In one study described in the paper, the researchers explored associations between genetic risk scores and autoimmune diseases in both hospital records and patient reports. They claim that by analyzing genetic risk scores associated with autoimmune diseases they could show the extent of "genetic sharing" among these diseases as well as "expose differences in disease perception or diagnosis with potential clinical implications."

For example, the researchers found an association between thyroid disorders and increased risk for various autoimmune conditions that was not expected. "It suggests that there is a shared component among all these autoimmune diseases which also manifests, maybe at a much lower level of the problem, as disorders of the thyroid," McVean said.

They also reported differences in some cases between self-reported data and hospitalization data. "We devised a way of saying how close to clinical phenotype is the information that you get from routine hospital data or self-reporting, and typically the accuracy was higher from self-reporting than it was from hospitalization," McVean said. This was true for cases of patients with multiple sclerosis. What these results suggest is that "if you wanted to do a high-throughput way of trying to work out who's got multiple sclerosis, then you are much better off asking people than you are peering into their hospital records."
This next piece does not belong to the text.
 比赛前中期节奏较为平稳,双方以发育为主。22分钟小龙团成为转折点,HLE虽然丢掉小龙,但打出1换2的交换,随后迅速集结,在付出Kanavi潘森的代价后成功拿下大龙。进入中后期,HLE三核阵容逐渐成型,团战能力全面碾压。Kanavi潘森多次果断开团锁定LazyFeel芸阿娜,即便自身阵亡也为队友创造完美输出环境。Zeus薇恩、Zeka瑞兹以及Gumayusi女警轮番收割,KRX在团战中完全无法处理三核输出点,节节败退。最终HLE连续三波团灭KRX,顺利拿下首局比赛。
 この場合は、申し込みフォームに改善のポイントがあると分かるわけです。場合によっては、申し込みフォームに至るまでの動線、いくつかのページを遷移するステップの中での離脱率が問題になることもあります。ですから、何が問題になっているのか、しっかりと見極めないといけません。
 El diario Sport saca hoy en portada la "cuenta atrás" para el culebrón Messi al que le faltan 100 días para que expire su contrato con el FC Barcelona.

There were however some instances where hospital records proved much more useful. For example, in lupus cases, while the genetic support for the disease was quite weak, hospital records which include details about diagnosis and hospitalizations for the disease provided a much stronger signal.
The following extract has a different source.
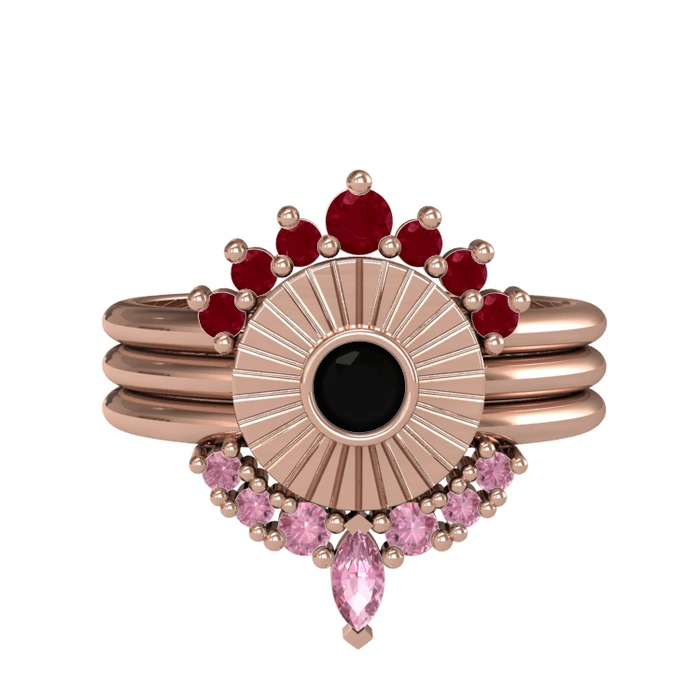 Kök yakut, siyah zirkon ve pembe kuvars 18 ayar rose altın yüzük
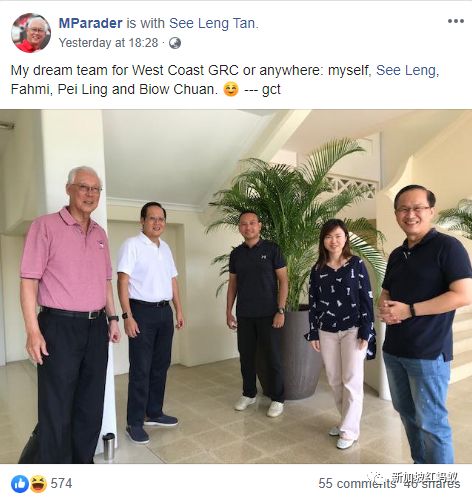 荣誉国务资政吴作栋(左一)在面簿上写道:不论到西海岸集选区还是任何选区,这都是我心中的梦幻团队:我、陈诗龙、法米、陈佩玲和林谋泉。(吴作栋面簿)

To showcase the benefits of their method over existing strategies, the researchers compared TreeWAS results to those from phenome-wide association studies of the same allele. Specifically, they searched for associations between the HLA-B*27:05 allele and ICD-10 codes used in the UK Biobank dataset using both approaches. The aforementioned allele is associated with ankylosing spondylitis and also confers risk for conditions such as reactive arthritis and psoriatic arthritis.

Using the PheWAS approach, the researchers correlated the allele to six ICD-10 codes; however, it missed associations with terms that had more detailed clinical descriptions and low prevalence in the data sets, such as M45.X6 ankylosing spondylitis with lumbar spine involvement. In contrast, TreeWAS identified associations with 145 ICD-10 codes. That list included both known and several new associations.

For their next steps, McVean and his colleagues are looking to use their method to try to find new pathways for therapeutic interventions. They'll also seek to incorporate longitudinal data into their association analyses. 

"Now that the databank has been released, we are going through every variant in the genome and looking to see what it's associated with," McVean said. This will hopefully help the researchers to identify the underlying network structure that relates variants to genetic disorders and highlight pathways that could serve as therapeutic targets for disease. Furthermore, they want to bring in additional information such as disease onset and progression data, combine it with the genetic information and try to make better choices about which treatments to give patients as well as to improve disease diagnoses.

"I think we'll stay in the autoimmune space but the techniques that we develop are very generic [and] will be useful to people in many different spaces," McVean said. So far, the method is being used on data from US-based biobanks in New York and elsewhere as well as by researchers in China to analyze data contained in Chinese biobanks.